A first point of view image of shoes on cracked pavement.

A cracked heel is a fairly common foot problem affecting most adults, especially in winter. In the majority of cases, the problem is not severe and is a mere annoyance. It is also aesthetically displeasing to look at and gets caught up in fabrics easily. In some cases, cracked heels can propagate further into deep cracks and fissures which cause pain and infections.

Causes of Cracked Heels

Cracked heels can have numerous causes. The most common one is dry skin due to a lack of moisture in winter.
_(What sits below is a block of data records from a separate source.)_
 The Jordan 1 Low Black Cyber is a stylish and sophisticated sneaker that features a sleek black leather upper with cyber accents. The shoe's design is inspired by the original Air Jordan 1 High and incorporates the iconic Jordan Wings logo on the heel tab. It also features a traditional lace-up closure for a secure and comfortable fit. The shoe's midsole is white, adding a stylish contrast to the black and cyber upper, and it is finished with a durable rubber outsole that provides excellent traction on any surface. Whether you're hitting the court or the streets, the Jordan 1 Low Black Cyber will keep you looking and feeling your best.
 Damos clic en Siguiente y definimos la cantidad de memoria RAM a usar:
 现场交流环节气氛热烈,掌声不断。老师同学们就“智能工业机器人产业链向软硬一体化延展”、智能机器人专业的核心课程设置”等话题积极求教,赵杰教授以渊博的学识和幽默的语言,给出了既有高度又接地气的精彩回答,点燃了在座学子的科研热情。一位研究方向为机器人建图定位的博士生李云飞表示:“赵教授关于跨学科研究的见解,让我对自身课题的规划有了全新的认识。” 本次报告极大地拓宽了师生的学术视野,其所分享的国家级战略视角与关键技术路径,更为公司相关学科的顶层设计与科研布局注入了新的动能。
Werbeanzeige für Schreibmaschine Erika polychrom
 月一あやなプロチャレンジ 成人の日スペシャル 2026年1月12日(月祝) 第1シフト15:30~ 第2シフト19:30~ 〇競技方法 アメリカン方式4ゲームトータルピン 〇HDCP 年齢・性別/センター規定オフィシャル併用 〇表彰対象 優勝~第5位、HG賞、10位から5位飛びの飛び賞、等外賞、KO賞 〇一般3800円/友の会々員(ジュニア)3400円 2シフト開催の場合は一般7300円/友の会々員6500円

Here are some other causes of cracked heels:

  • Dermatitis and Dermatosis which can cause skin irritation and cracks

  • Psoriasis

  • Systemic conditions like hypothyroidism and diabetes

  • Palmoplantar keratoderma

  • Being overweight, and obesity

  • Long-standing jobs

  • Poorly-fitted shoes, open-back shoes, sandals, and shoes without proper support or cushioning

  • Usage of harsh soaps

  • Long and hot baths/showers

  • Sjogren’s syndrome

  • Fungal infections like Athletes’ foot

  • Flat feet

A Timberland boot print on cracked pavement.

Signs and Symptoms of Cracked Heel

As cracked heels are pretty common, they can be easily identified as hard and dry, thickened patches of skin around the rim of the heel. The callus can be transparent, yellow, or dark brown in color.
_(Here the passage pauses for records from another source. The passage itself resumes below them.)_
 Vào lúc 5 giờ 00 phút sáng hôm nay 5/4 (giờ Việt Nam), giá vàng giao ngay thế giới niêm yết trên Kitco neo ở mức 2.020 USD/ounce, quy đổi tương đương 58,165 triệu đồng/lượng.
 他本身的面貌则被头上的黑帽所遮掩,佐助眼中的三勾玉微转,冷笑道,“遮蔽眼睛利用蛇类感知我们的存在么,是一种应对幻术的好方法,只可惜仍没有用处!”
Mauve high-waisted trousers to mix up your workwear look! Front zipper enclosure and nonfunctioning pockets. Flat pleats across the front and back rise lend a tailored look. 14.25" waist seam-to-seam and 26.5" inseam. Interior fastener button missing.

Small cracks when left untreated can become deeper and darker with time. This can lead to pain and bleeding, making it difficult to walk. Untreated cracks can lead to infection and cellulitis. In diabetics, it can also cause neuropathic damage and foot ulcers.


Moisturizing the feet is the simplest way to treat cracked heels and also prevent their propagation. If the cracked heel has advanced, certain keratolytic and water-retaining agents can be used. These include urea, saccharide isomerate, alpha-hydroxy acids, and salicylic acid. Bandages help with painful cracks and fissures.

For severely cracked heels, debridement is necessary. Your podiatric surgeon may cut away the hard and thick skin, followed by strapping and dressing and frequent use of debriding agents.

A man's bare feet walking on a rocky beach.